## EXERCISE
The needed output is the run of lines below from the one containing "En pasado 26" through the one containing "图二:陆羽国际集团董事长严建", copied exactly and free of pictures.

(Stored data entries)
◇ ◇ ◇ ◇ ◇
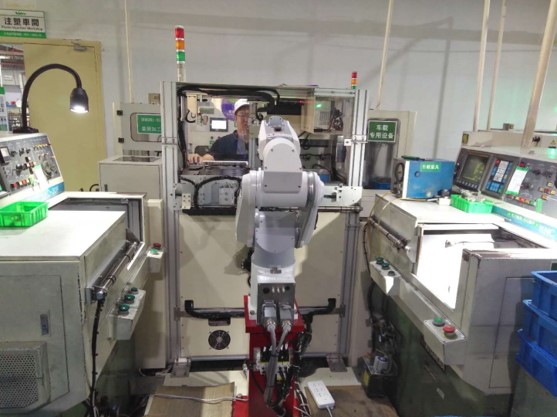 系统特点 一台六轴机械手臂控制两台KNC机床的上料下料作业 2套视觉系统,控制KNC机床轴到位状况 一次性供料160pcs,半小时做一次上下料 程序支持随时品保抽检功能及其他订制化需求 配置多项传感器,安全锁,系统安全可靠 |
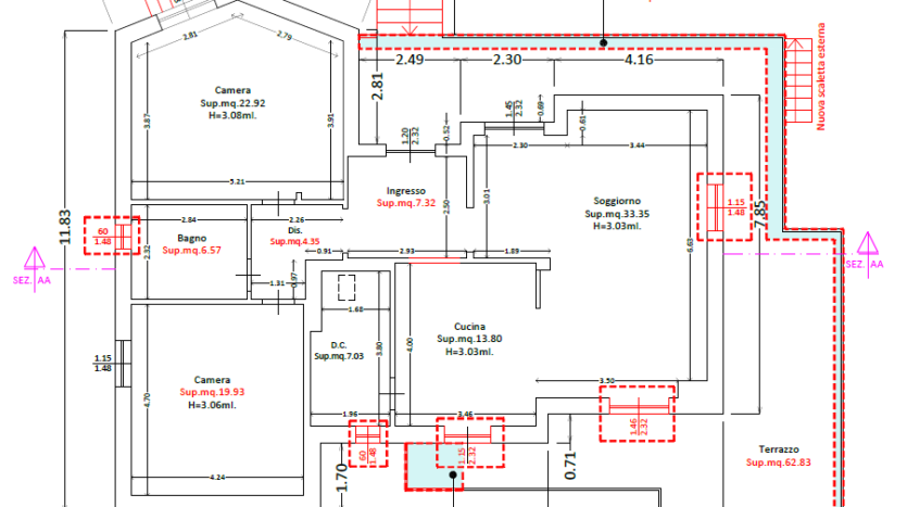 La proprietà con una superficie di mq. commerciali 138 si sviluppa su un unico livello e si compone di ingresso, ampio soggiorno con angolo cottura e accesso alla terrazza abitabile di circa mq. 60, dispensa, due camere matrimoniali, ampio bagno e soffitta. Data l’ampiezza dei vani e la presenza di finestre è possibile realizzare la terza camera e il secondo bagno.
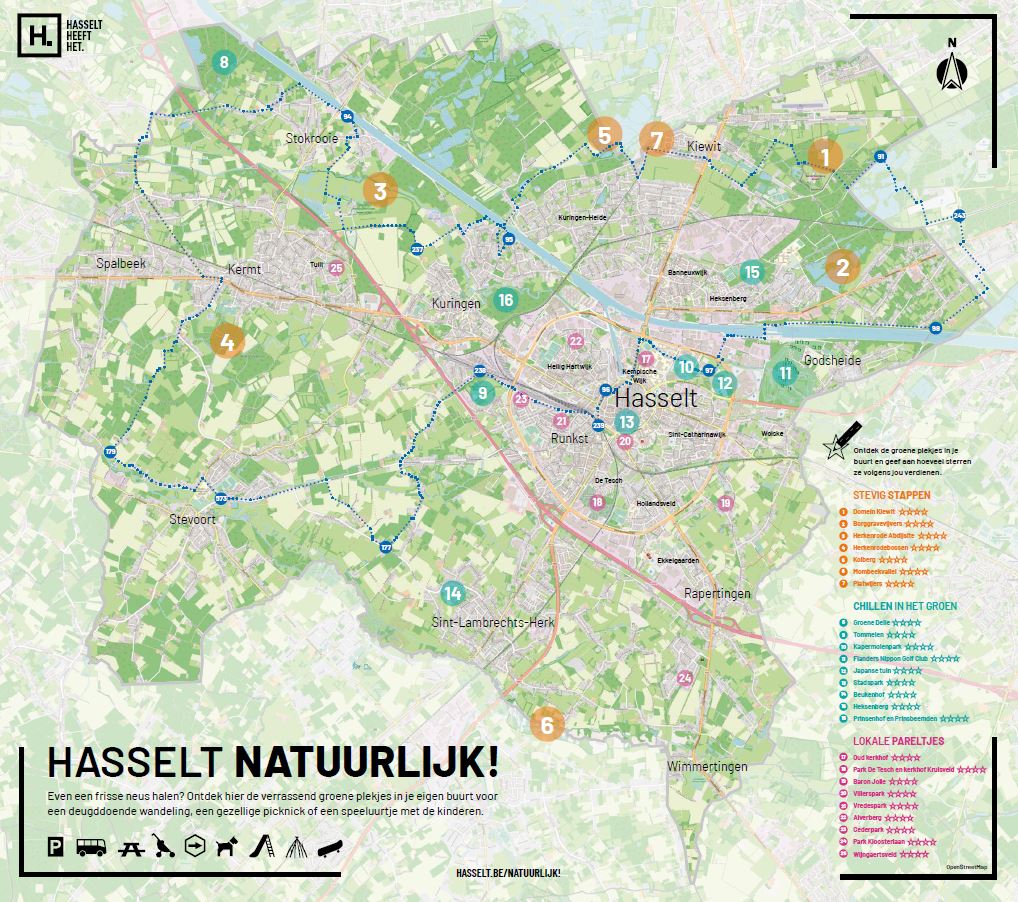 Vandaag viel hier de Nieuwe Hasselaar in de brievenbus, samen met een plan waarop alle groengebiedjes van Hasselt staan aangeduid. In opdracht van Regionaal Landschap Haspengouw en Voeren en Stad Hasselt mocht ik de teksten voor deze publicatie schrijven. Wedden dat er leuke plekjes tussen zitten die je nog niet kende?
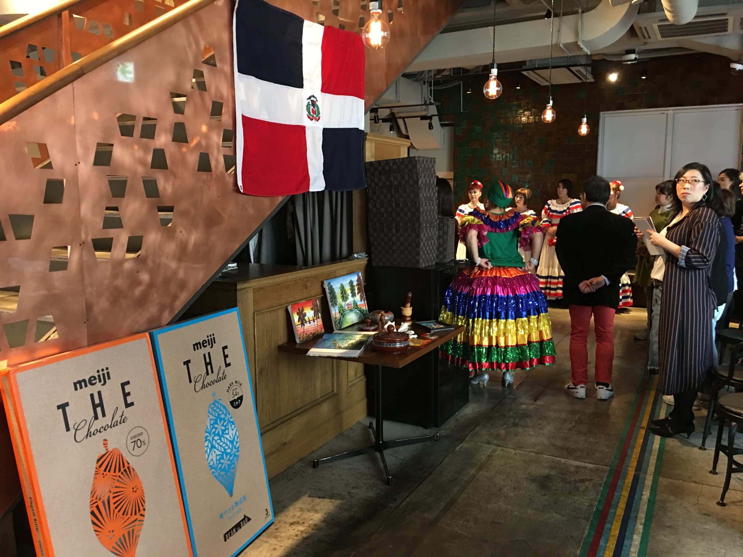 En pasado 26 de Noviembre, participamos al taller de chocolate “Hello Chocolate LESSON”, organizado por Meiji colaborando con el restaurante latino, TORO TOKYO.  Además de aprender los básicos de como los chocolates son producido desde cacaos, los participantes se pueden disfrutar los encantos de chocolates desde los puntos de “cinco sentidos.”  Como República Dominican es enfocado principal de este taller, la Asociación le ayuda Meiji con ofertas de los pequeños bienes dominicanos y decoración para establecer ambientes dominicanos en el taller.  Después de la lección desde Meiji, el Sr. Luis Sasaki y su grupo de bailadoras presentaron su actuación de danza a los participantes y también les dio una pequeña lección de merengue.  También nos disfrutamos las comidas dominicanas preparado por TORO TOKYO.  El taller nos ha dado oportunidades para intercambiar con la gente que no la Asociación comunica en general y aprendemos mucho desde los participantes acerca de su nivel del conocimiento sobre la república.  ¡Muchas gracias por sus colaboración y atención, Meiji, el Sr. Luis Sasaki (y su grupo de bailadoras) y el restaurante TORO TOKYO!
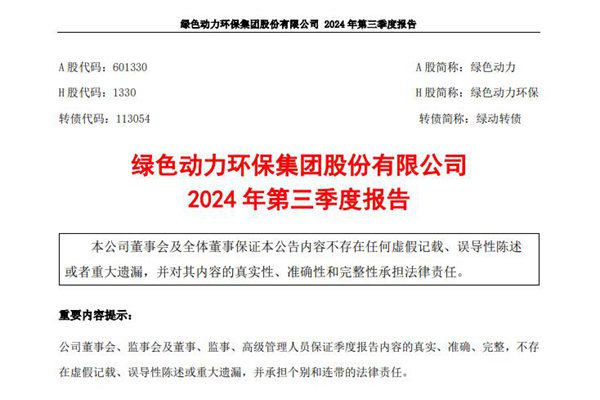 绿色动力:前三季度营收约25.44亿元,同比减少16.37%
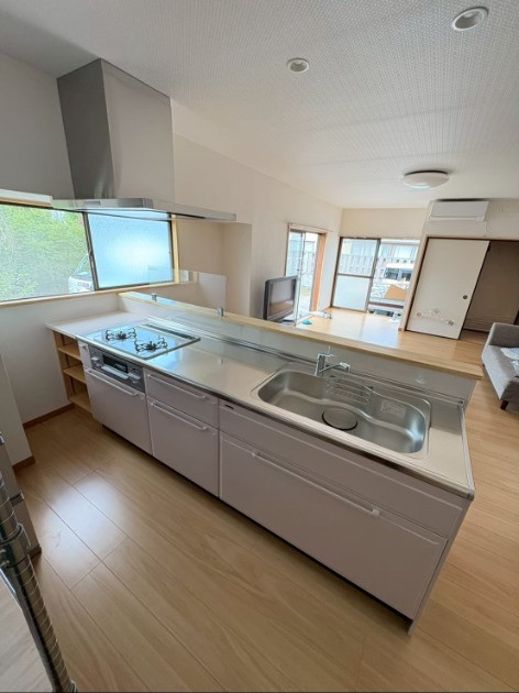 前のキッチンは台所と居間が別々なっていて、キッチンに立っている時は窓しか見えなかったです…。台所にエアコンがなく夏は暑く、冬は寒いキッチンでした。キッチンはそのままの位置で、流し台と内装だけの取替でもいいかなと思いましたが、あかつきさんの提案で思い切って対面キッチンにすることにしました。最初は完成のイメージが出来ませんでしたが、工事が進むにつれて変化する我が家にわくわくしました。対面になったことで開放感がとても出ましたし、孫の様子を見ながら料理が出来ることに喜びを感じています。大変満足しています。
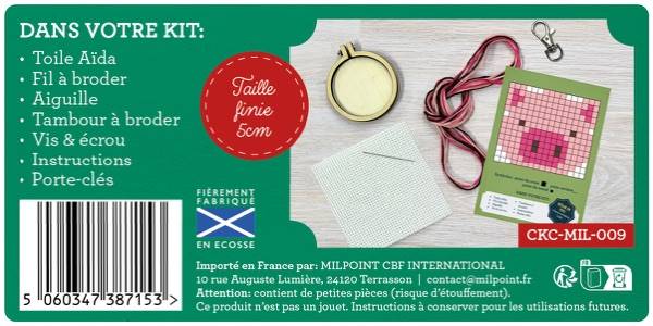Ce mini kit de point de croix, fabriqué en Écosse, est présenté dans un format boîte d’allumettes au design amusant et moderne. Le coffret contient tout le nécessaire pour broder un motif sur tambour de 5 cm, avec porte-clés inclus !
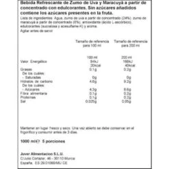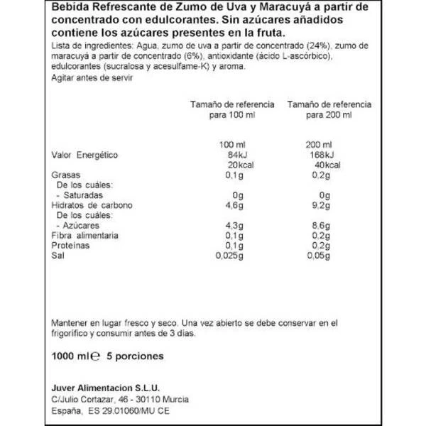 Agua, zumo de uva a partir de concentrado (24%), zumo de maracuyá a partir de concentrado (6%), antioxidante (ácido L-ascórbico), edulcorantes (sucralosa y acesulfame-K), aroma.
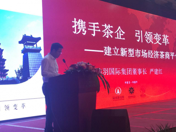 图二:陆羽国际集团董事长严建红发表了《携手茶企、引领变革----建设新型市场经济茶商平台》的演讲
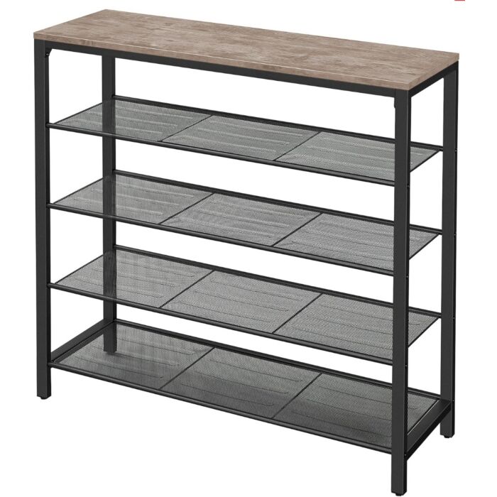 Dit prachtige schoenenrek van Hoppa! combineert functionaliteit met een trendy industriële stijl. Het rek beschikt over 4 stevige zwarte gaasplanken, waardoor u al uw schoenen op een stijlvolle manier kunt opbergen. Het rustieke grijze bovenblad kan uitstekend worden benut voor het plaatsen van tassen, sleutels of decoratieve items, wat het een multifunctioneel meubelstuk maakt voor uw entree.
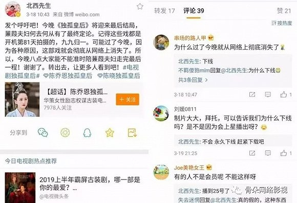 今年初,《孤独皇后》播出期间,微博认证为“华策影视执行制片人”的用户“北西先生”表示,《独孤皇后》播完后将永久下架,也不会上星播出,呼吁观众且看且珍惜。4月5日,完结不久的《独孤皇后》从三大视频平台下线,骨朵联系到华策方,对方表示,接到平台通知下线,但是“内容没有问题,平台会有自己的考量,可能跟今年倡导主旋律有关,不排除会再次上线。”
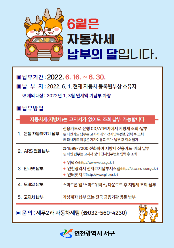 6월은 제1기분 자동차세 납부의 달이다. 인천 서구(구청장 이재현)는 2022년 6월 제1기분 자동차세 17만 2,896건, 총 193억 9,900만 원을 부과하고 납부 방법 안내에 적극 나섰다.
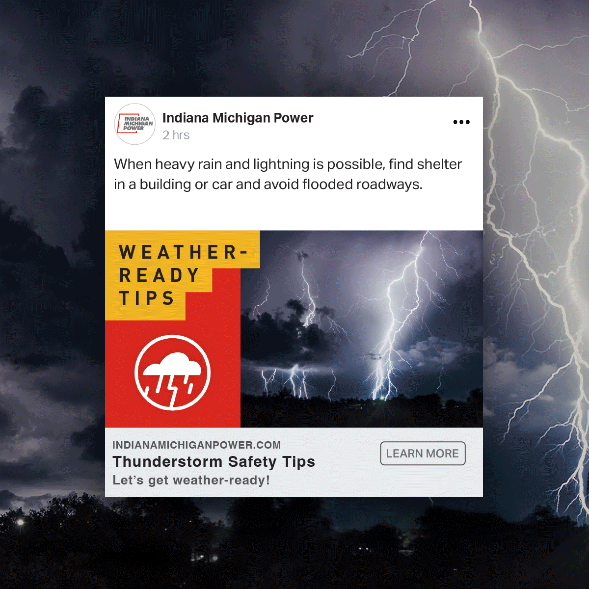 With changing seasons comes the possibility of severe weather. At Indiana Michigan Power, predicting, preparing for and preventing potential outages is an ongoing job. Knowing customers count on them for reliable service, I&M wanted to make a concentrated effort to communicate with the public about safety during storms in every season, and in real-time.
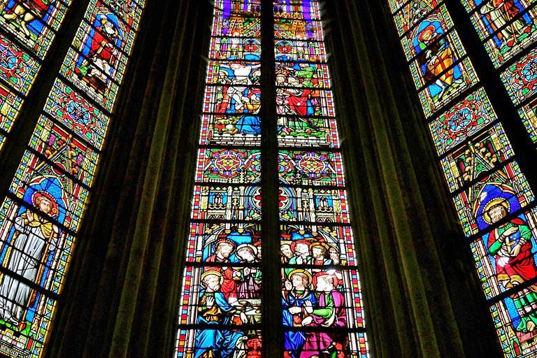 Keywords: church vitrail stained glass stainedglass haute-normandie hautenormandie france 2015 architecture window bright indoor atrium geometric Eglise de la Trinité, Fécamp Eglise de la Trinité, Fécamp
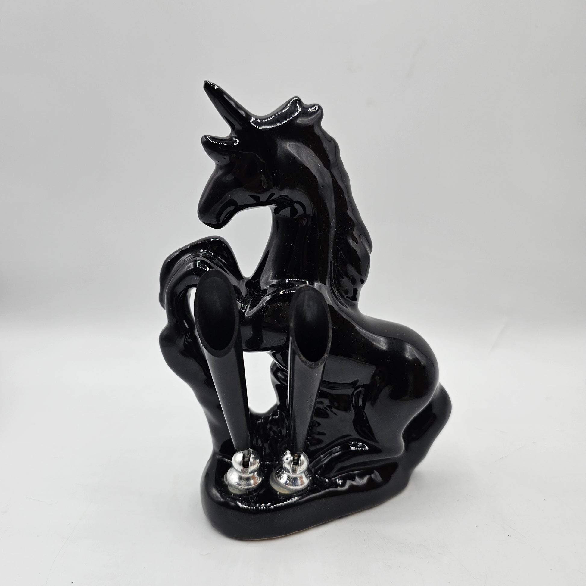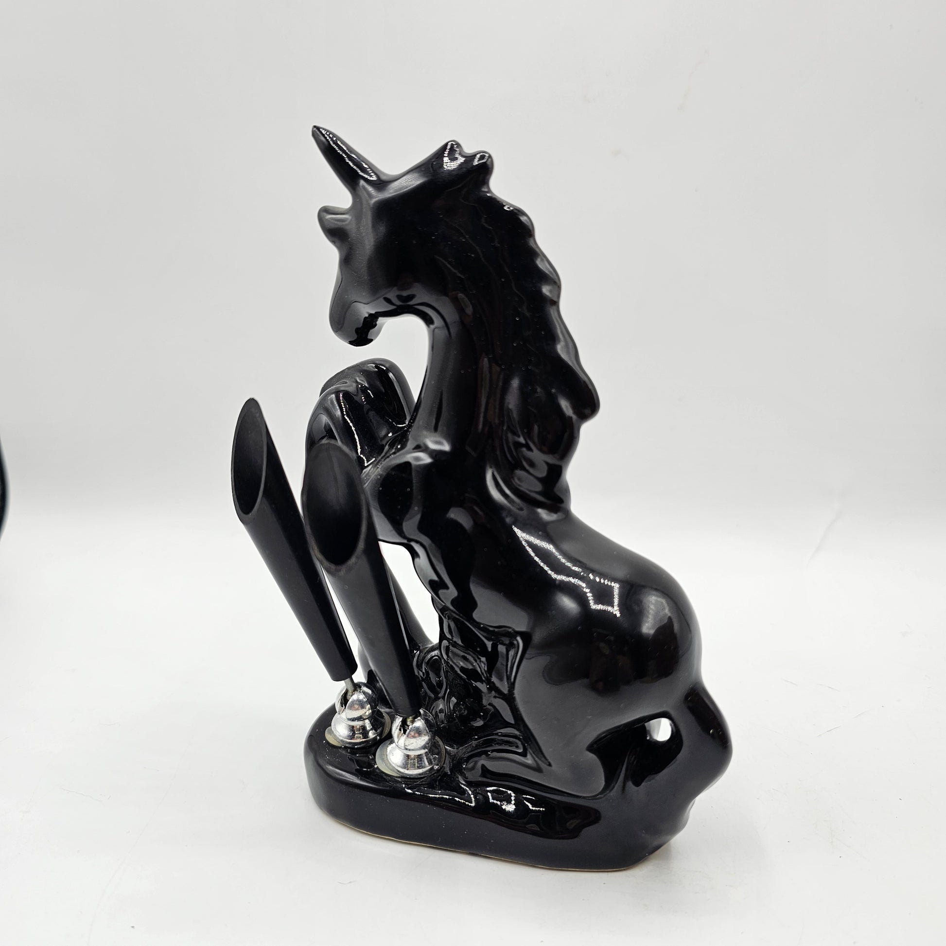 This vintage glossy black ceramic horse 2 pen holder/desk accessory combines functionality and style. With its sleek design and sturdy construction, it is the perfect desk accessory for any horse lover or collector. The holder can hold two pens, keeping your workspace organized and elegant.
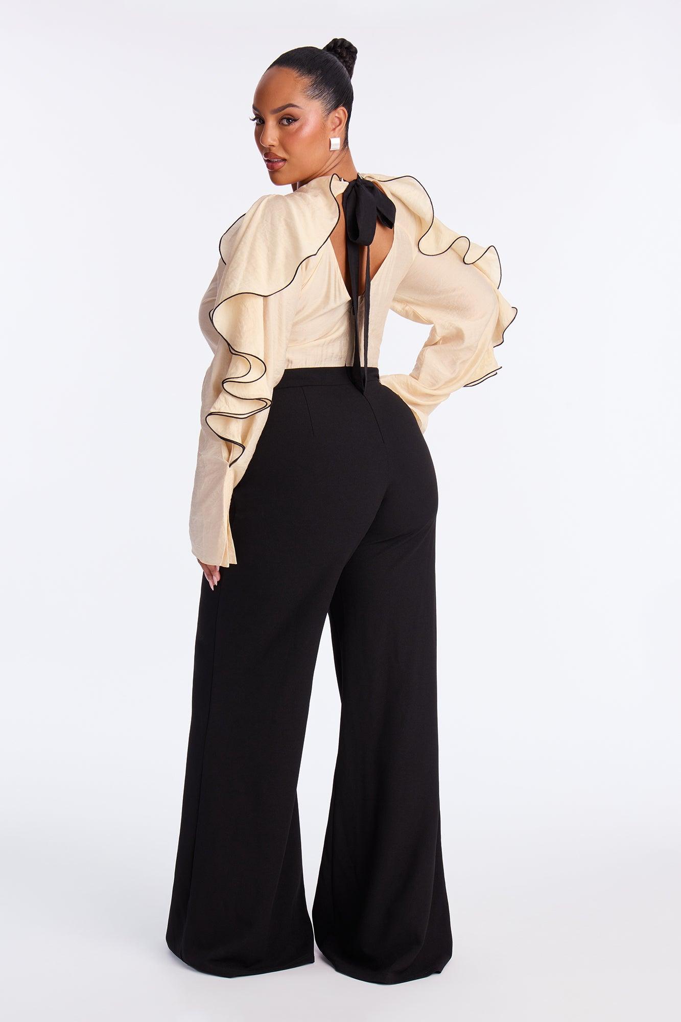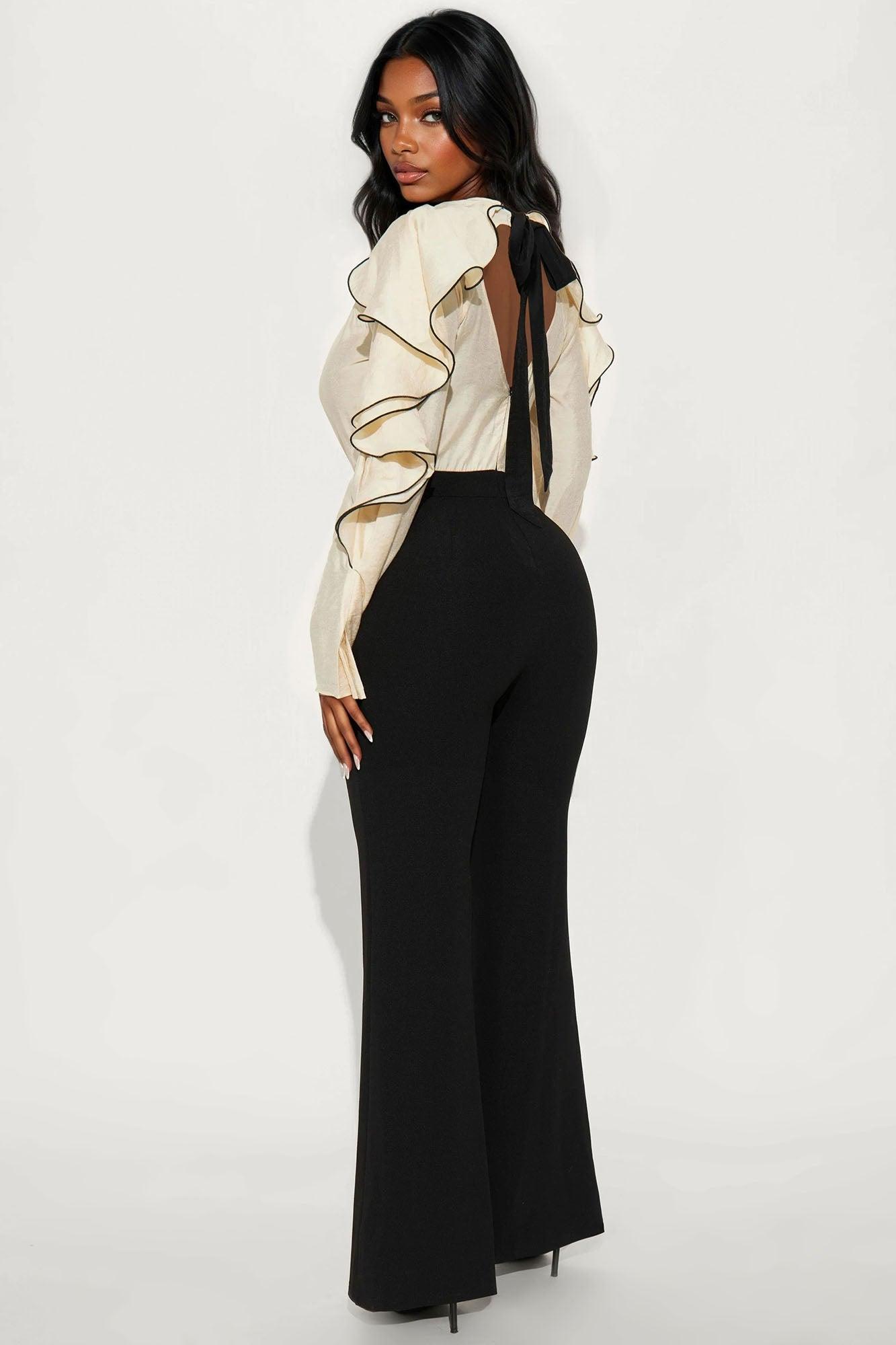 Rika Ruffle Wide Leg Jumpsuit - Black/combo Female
◇ ◇ ◇ ◇ ◇
## EXERCISE OUTPUT
 En pasado 26 de Noviembre, participamos al taller de chocolate “Hello Chocolate LESSON”, organizado por Meiji colaborando con el restaurante latino, TORO TOKYO.  Además de aprender los básicos de como los chocolates son producido desde cacaos, los participantes se pueden disfrutar los encantos de chocolates desde los puntos de “cinco sentidos.”  Como República Dominican es enfocado principal de este taller, la Asociación le ayuda Meiji con ofertas de los pequeños bienes dominicanos y decoración para establecer ambientes dominicanos en el taller.  Después de la lección desde Meiji, el Sr. Luis Sasaki y su grupo de bailadoras presentaron su actuación de danza a los participantes y también les dio una pequeña lección de merengue.  También nos disfrutamos las comidas dominicanas preparado por TORO TOKYO.  El taller nos ha dado oportunidades para intercambiar con la gente que no la Asociación comunica en general y aprendemos mucho desde los participantes acerca de su nivel del conocimiento sobre la república.  ¡Muchas gracias por sus colaboración y atención, Meiji, el Sr. Luis Sasaki (y su grupo de bailadoras) y el restaurante TORO TOKYO!
 绿色动力:前三季度营收约25.44亿元,同比减少16.37%
 前のキッチンは台所と居間が別々なっていて、キッチンに立っている時は窓しか見えなかったです…。台所にエアコンがなく夏は暑く、冬は寒いキッチンでした。キッチンはそのままの位置で、流し台と内装だけの取替でもいいかなと思いましたが、あかつきさんの提案で思い切って対面キッチンにすることにしました。最初は完成のイメージが出来ませんでしたが、工事が進むにつれて変化する我が家にわくわくしました。対面になったことで開放感がとても出ましたし、孫の様子を見ながら料理が出来ることに喜びを感じています。大変満足しています。
Ce mini kit de point de croix, fabriqué en Écosse, est présenté dans un format boîte d’allumettes au design amusant et moderne. Le coffret contient tout le nécessaire pour broder un motif sur tambour de 5 cm, avec porte-clés inclus !
 Agua, zumo de uva a partir de concentrado (24%), zumo de maracuyá a partir de concentrado (6%), antioxidante (ácido L-ascórbico), edulcorantes (sucralosa y acesulfame-K), aroma.
 图二:陆羽国际集团董事长严建红发表了《携手茶企、引领变革----建设新型市场经济茶商平台》的演讲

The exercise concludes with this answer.